MADRI. As brasileiras dominam o mercado do sexo na Espanha, e a imensa maioria delas é vítima de máfias organizadas que traficam mulheres para a exploração sexual. As espanholas perderam espaço: 90% das prostitutas são estrangeiras, segundo a polícia, das quais 60% são latino-americanas, destacando-se, com 40%, as brasileiras. A Espanha é o principal país de destino das rotas de tráfico internacional que partem do Brasil, com 32 das 98 linhas identificadas, segundo pesquisa da ONG Cecria, sediada em Brasília. O segundo destino é a Holanda, com 11 rotas e, o terceiro, a Venezuela, com dez. Setenta mil brasileiras são vítimas, por ano, de tráfico internacional de mulheres, segundo dados do Fundo de Populações da ONU.

- Em 1996, as equatorianas eram maioria. Mas, em 2003, o Brasil passou a ser um dos "países-estrela" da prostituição na Espanha e, em 2006, houve um boom de brasileiras nas ruas e nos clubes - diz a advogada Rocío Mora, coordenadora da Associação para a Prevenção, Reinserção e Atenção da Mulher Prostituída (Apramp).

Por que brasileiras?
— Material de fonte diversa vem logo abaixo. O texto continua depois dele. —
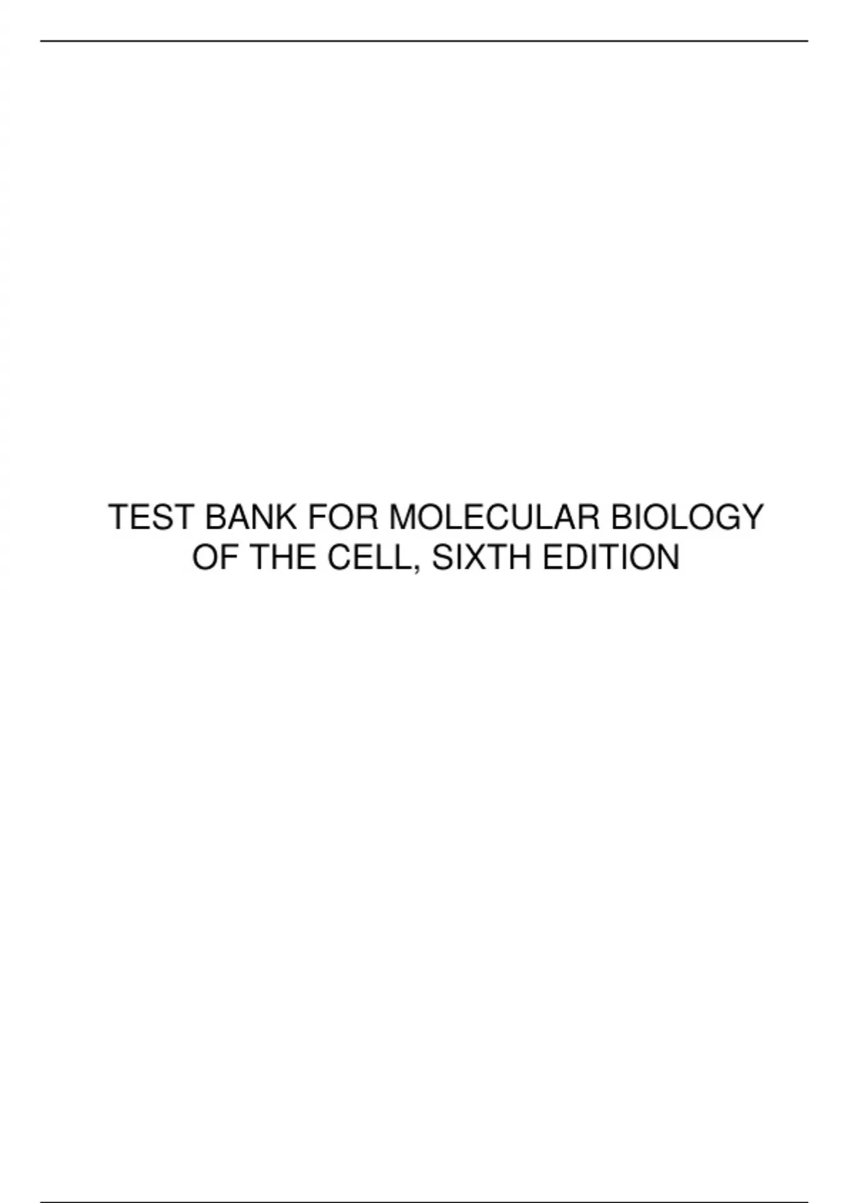 TEST BANK FOR MOLECULAR BIOLOGY OF THE CELL, SIXTH EDITION

As próprias prostitutas respondem no longo trabalho "Corporalidades em confronto - brasileiras na indústria do sexo na Espanha", da antropóloga Adriana Piscitelli, pesquisadora da Unicamp: por sua "sensualidade natural" e porque são "mais carinhosas e divertidas". Outras teorias afirmam que o cliente quer variedade e no Brasil há de tudo: louras, morenas, mulatas, negras, altas, baixas, com mais ou menos curvas. E há os que defendam a tese de que as brasileiras são boas de conversa e fazem os clientes consumirem muitos drinques, que nos melhores bordéis podem custar até 50 euros.
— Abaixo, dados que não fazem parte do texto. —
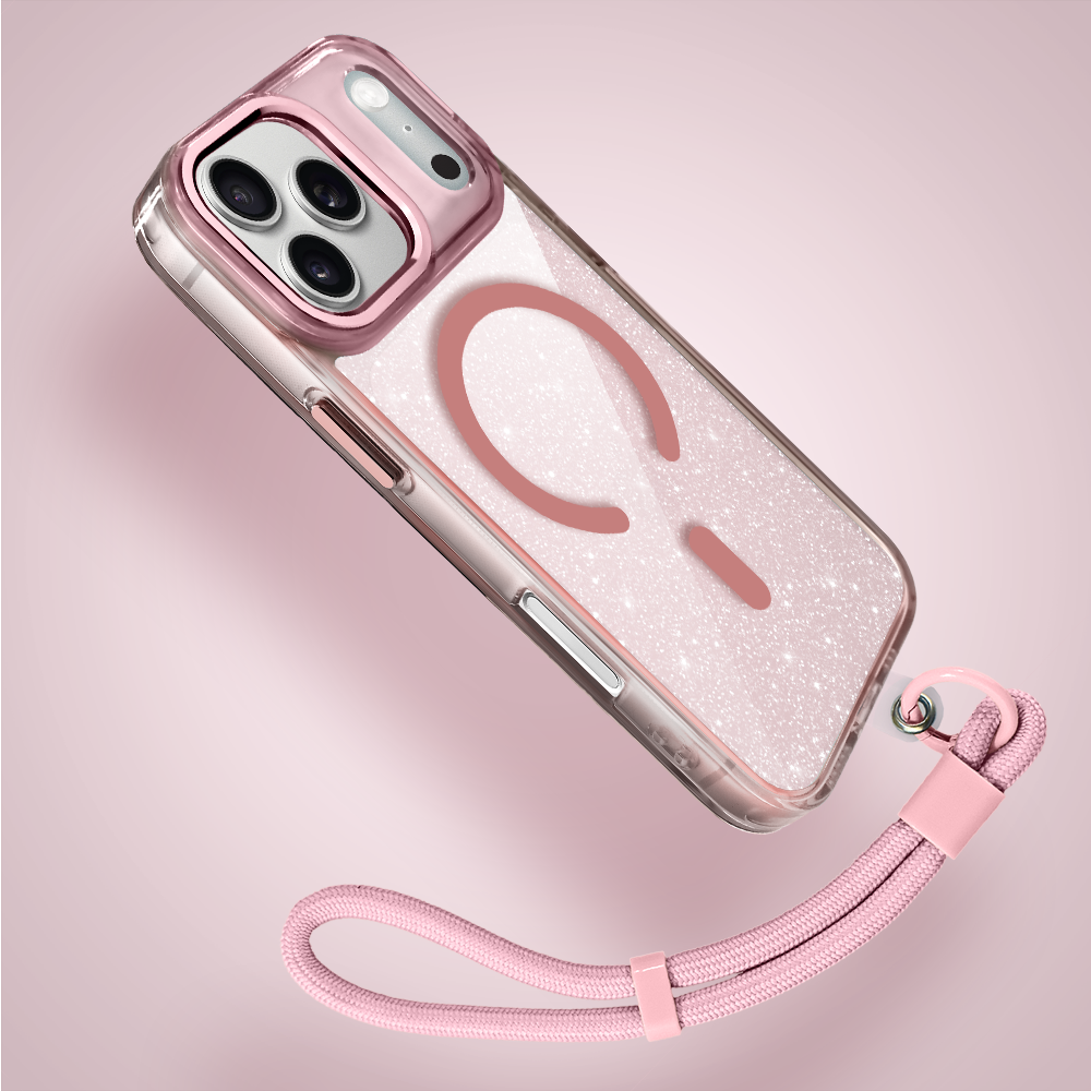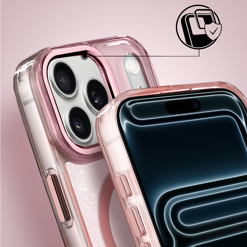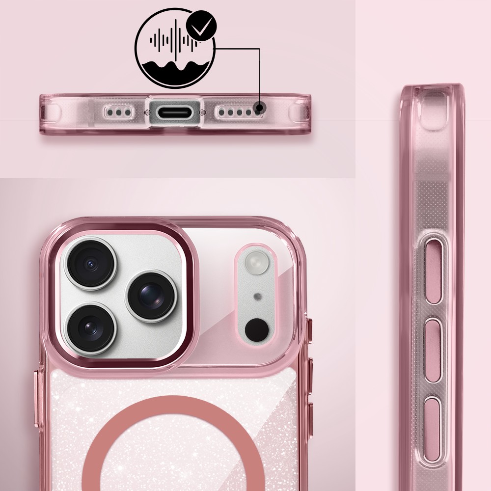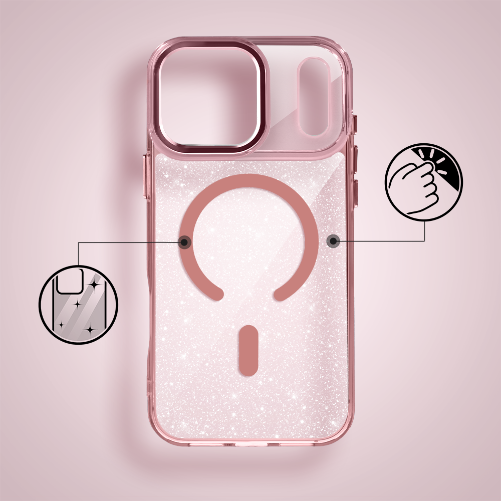 Etui do iPhone 17 Pro Super Hybrid Sparkle z MagSafe, błyszczący, twardy brokatowy tył, metalowe ozdoby, różowe (8)

"As brasileiras são vendidas de cafetão em cafetão"

A questão é que há demanda. E, para atendê-la, a máfia começa a atuar na cidade de origem da mulher, na pele de uma amiga, prima ou vizinha que a anima a cruzar o Atlântico "para ganhar muito dinheiro". Essas mulheres têm entre 20 e 30 anos, pouca escolaridade e não vêem perspectivas de melhorar de vida com o salário que ganham (muitas não exerciam a prostituição antes e trabalhavam como cabeleireira ou vendedora). Boa parte delas é mãe solteira. Embora muitas tenham ciência de que serão prostitutas, nenhuma delas sabe as condições que as esperam.

- As brasileiras são vendidas de cafetão em cafetão, rodam de bordel em bordel por toda a Espanha, perdendo noção geográfica e de tempo. Clientes e donos dos clubes incitam o uso de drogas. Quando elas decidem denunciar, exigimos que, para morar em nossas casas de acolhida, passem por um processo de desintoxicação. Muitas delas nem sabiam que estavam viciadas - diz Rocío Mora.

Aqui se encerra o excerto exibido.